SOURCE RECORDS:
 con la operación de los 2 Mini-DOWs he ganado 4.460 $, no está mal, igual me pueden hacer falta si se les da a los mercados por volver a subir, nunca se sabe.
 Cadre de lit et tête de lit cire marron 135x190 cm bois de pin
==
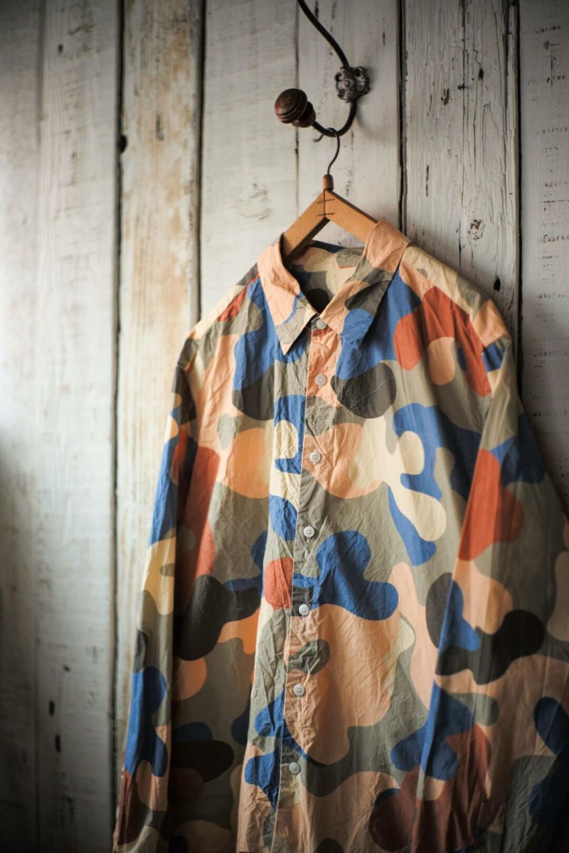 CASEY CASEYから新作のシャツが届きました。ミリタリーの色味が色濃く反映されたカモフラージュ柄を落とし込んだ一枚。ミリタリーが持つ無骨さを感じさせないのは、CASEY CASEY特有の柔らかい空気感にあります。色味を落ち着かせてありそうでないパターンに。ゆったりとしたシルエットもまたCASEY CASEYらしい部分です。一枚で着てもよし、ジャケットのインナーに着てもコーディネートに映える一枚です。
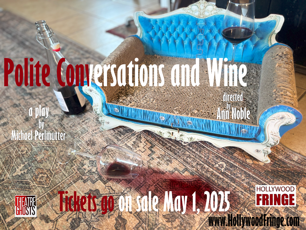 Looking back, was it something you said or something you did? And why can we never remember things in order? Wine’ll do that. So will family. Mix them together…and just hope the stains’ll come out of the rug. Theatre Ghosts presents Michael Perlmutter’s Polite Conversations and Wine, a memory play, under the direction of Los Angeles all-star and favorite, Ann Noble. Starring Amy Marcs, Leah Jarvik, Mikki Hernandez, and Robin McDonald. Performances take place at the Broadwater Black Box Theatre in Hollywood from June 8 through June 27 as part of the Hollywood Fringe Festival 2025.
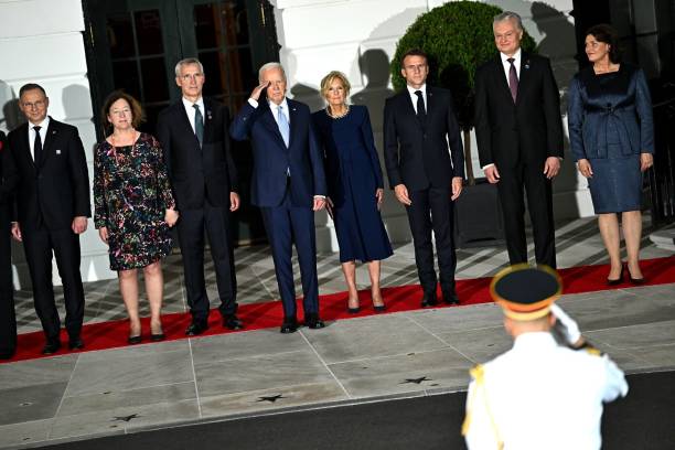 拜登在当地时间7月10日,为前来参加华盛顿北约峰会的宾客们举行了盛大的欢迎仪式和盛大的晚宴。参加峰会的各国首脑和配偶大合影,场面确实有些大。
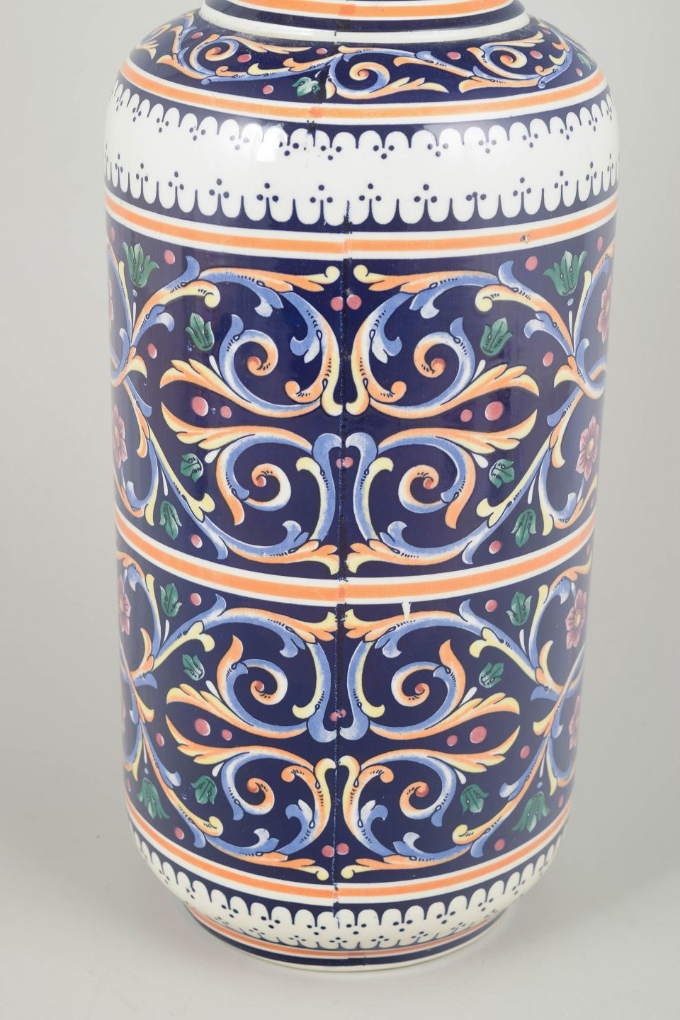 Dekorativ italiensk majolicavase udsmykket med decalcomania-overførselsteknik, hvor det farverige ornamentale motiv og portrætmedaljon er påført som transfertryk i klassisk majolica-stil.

WHAT THE TASK ASKS:
The reply should consist solely of the lines above from the one that has "con la operación" through the one that has "Cadre de lit", reproduced exactly.

RESPONSE:
 con la operación de los 2 Mini-DOWs he ganado 4.460 $, no está mal, igual me pueden hacer falta si se les da a los mercados por volver a subir, nunca se sabe.
 Cadre de lit et tête de lit cire marron 135x190 cm bois de pin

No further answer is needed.